Source material:

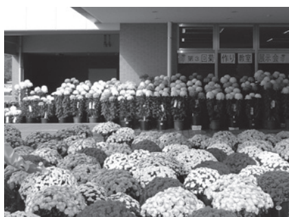
美しい菊を咲かせませんか

とき ●11月15日から来年10月17日までの毎月第3日曜日、10時～12時 ところ ●鳥栖・三養基西部リサイクルプラザ(みやき町) 内容 ●土作り、挿芽要領、中鉢への移植、ヤナギ芽処理、花蕾の選び方、開花までの要領など 定員 ●20人(先着順)
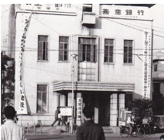
初代市役所 (旧良元村役場)

私たちが住んでいるこの宝塚市は元々武庫郡の川面村・美佐村、川辺郡の安倉村・小浜村・米谷村・安場村でした。1885年川面村が安場村を合併し、1889年川面村、美佐村、安倉村、小浜村、米谷村が合併し、川辺郡小浜村となりました。1951年小浜村が町制を施行して宝塚町となりました。1954年には良元村と宝塚町が合併し、宝塚市が成立しました。その後、1955年に長尾村と西谷村が編入され、鴻池、荒牧、荻野は宝塚市から伊丹市へ編入され現在の市域となりました。
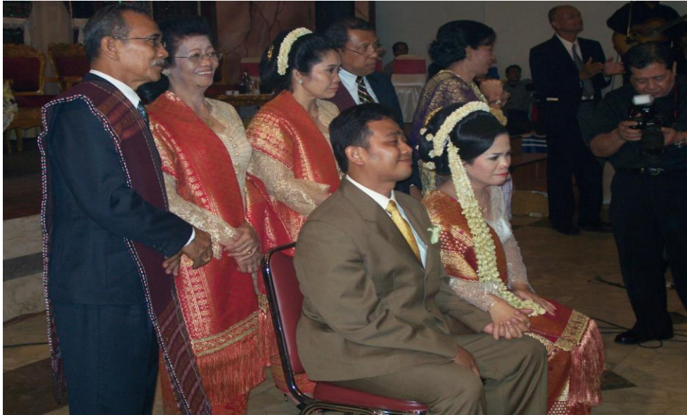
Gambar 1: Pengantin mendengarkan harapan orang tua melalui ungkapan metafora fungsi ekspresif pada metafora 1.1 dan 1.2 (foto ini merupakan foto peneliti pada saat mengikuti upacara pernikahan adat Batak Toba pada bulan Juli 2013)
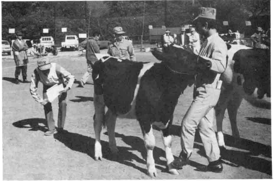
△審査員も真剣（畜産共進会）
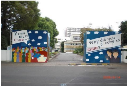
正門も文化祭デコ

両日ともたくさんのお客様（2,755名）にご来校いただきました。誠にありがとうございました。文化祭実行委員と生徒会本部役員が中心になり、夏休み中から準備を進めてきました。文化部は日頃の活動の成果を発表し、クラスや各参加団体では、生徒の工夫と団結で多くの皆様に楽しんで頂けるように努めました。
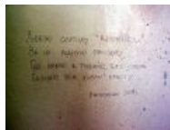
Ода Альма- матери
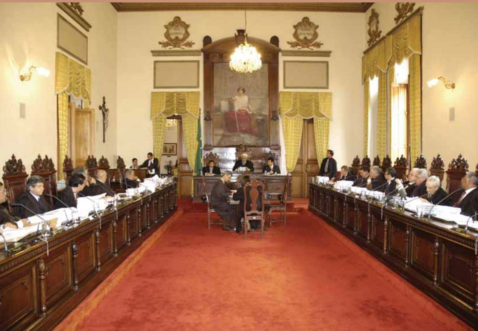
Corte Superior do Tribunal de Justiça de Minas Gerais - Belo Horizonte - MG
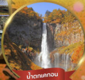
น้ำตกเคคอน
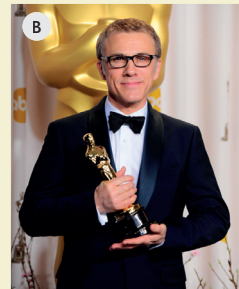
Christoph Waltz, Schauspieler
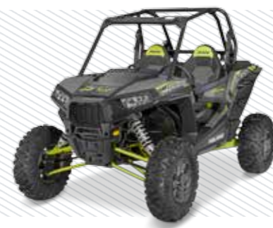
Titanium Matte Metallic Z17VDE9NM
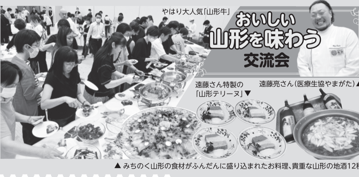
▲みちのく山形の食材がふんだんに盛り込まれたお料理、貴重な山形の地酒12種も

確立しました。第7回から地方開催された地域的な医療問題にも取り組まれました。また、基調報告の歴史から医療研活動の任務と役割が整理されてきたことや、医療研での議論が、医療労働運動を支え、国民医療を守り発展させてきたことなどを紹介しました。さらに、レポート作成準備し、講演を聞き、シンボを学び、分科会で具体的問題について議論することで本質的な問題の把握を進めてきたことが重要な特徴であり成果であったとしました。 医療研の歴史は、社会保障改革との闘いの歴史として語り継がれてきた。参加者からは、50回目を節目にふさわしい講演に感動したと感想が寄せられました。
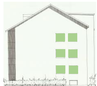
Vy mot norr
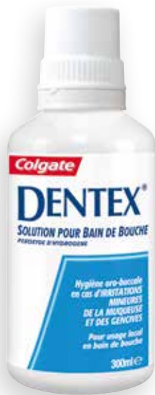
DENTEX® Solution pour bain de bouche 300 ml (AMM)

Tarif général et offres spéciales du 1 er mars 2026 au 28 février 2027
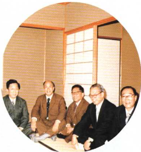
我院70年代中青年技术骨干在日本学习交流
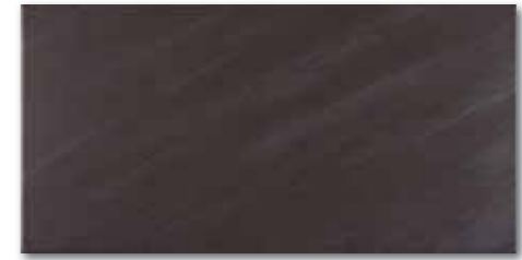
WATV4104 ○ 82 / m 2 mat | matt
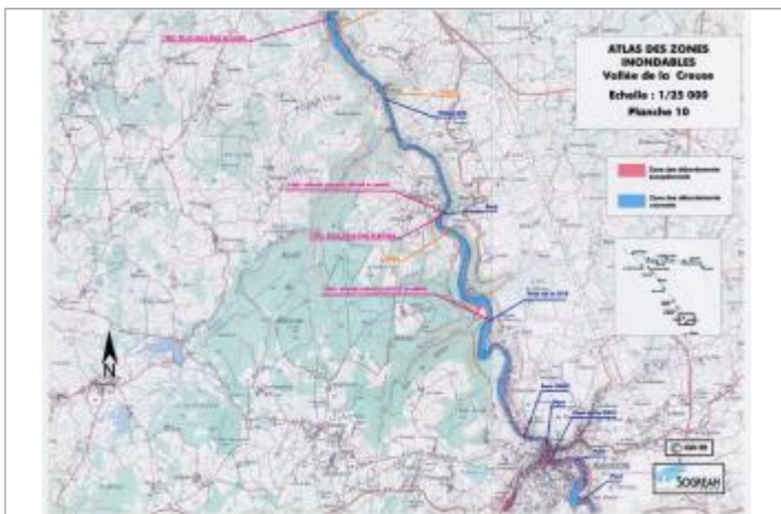
Extrait de l'AZI de la vallée de la Creuse
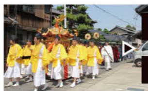
神轿出行（宵祭当天的早上） 华丽的队列长达100米，神轿从津岛神社被抬至天王川公园。
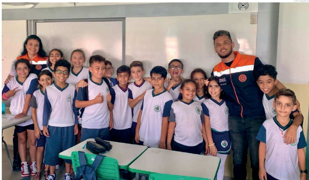
O programa educa as crianças sobre importantes questões de segurança

O Programa EDUSEG representa um passo significativo em direção à construção de uma comunidade mais segura e preparada. Ao equipar as crianças com conhecimentos e habilidades essenciais de segurança, a Prefeitura de Pindamonhangaba demonstra seu compromisso com o bem-estar de seus cidadãos, hoje e no futuro. Que essa iniciativa inspire outras cidades a investirem na educação preventiva e na formação de cidadãos conscientes e responsáveis.
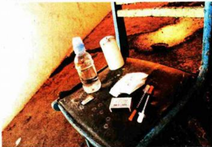
REKviziti su spremni
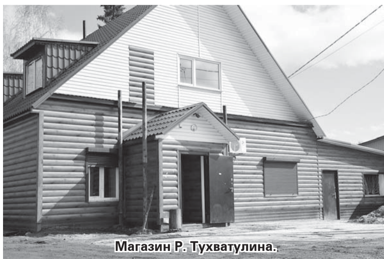
Магазин Р. Тухватулина.

Андрей ФРОЛОВ.
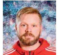
JOUKKUEENJOHTAJA NAISET KL / 1. DIV.
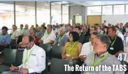
47 The Return of the TABS

What to produce: Pictures aside, write out verbatim every line from the first line of the material through the line holding "私たちが住んでいるこの宝塚市".

Answer to this exercise:
美しい菊を咲かせませんか

とき ●11月15日から来年10月17日までの毎月第3日曜日、10時～12時 ところ ●鳥栖・三養基西部リサイクルプラザ(みやき町) 内容 ●土作り、挿芽要領、中鉢への移植、ヤナギ芽処理、花蕾の選び方、開花までの要領など 定員 ●20人(先着順)
初代市役所 (旧良元村役場)

私たちが住んでいるこの宝塚市は元々武庫郡の川面村・美佐村、川辺郡の安倉村・小浜村・米谷村・安場村でした。1885年川面村が安場村を合併し、1889年川面村、美佐村、安倉村、小浜村、米谷村が合併し、川辺郡小浜村となりました。1951年小浜村が町制を施行して宝塚町となりました。1954年には良元村と宝塚町が合併し、宝塚市が成立しました。その後、1955年に長尾村と西谷村が編入され、鴻池、荒牧、荻野は宝塚市から伊丹市へ編入され現在の市域となりました。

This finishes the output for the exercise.